RARE Daily

Walden Biosciences Launches with $51 Million to Transform the Treatment of Kidney Disease

October 6, 2020

Rare Daily Staff

Walden Biosciences launched with $51 million in a series A financing to develop first-in-class, targeted therapies to reverse the progression of rare and common forms of kidney disease and restore renal function.

ARCH Venture Partners and UCB Ventures led the financing.

While the majority of renal drug development approaches focus on reducing general physiologic stressors, including hypertension, diabetes, and inflammation that lead to chronic kidney disease, they do not stop the inevitable progression to renal failure, the need for dialysis, and organ transplantation.
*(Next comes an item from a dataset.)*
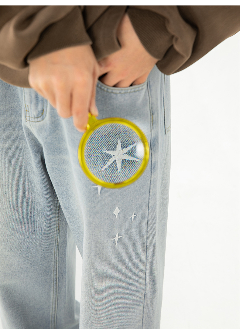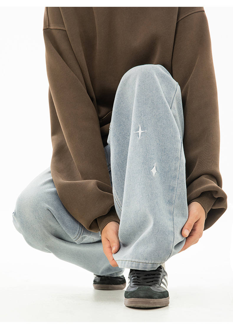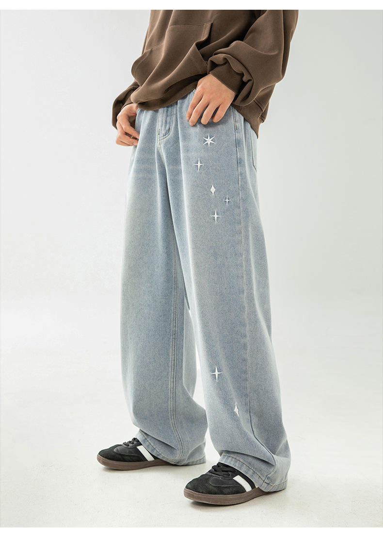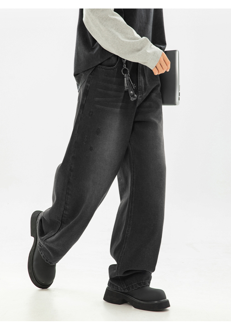 Retro Worn Looking Washed-out Embroidered Jeans Men's Spring New

Walden intends to advance the treatment of renal disease by addressing kidney-specific cell types and biologic processes to produce therapies that restore renal function rather than slow its decline.

“Kidney disease is a public health crisis and there is an urgent need to develop innovative therapies that directly target the disease and provide an alternative to dialysis or transplant,” said Blaine McKee, president and CEO of Walden Biosciences. “Walden seeks to revolutionize the field of nephrology and we are relentlessly focused on changing the way patients with all forms of kidney disease are treated.”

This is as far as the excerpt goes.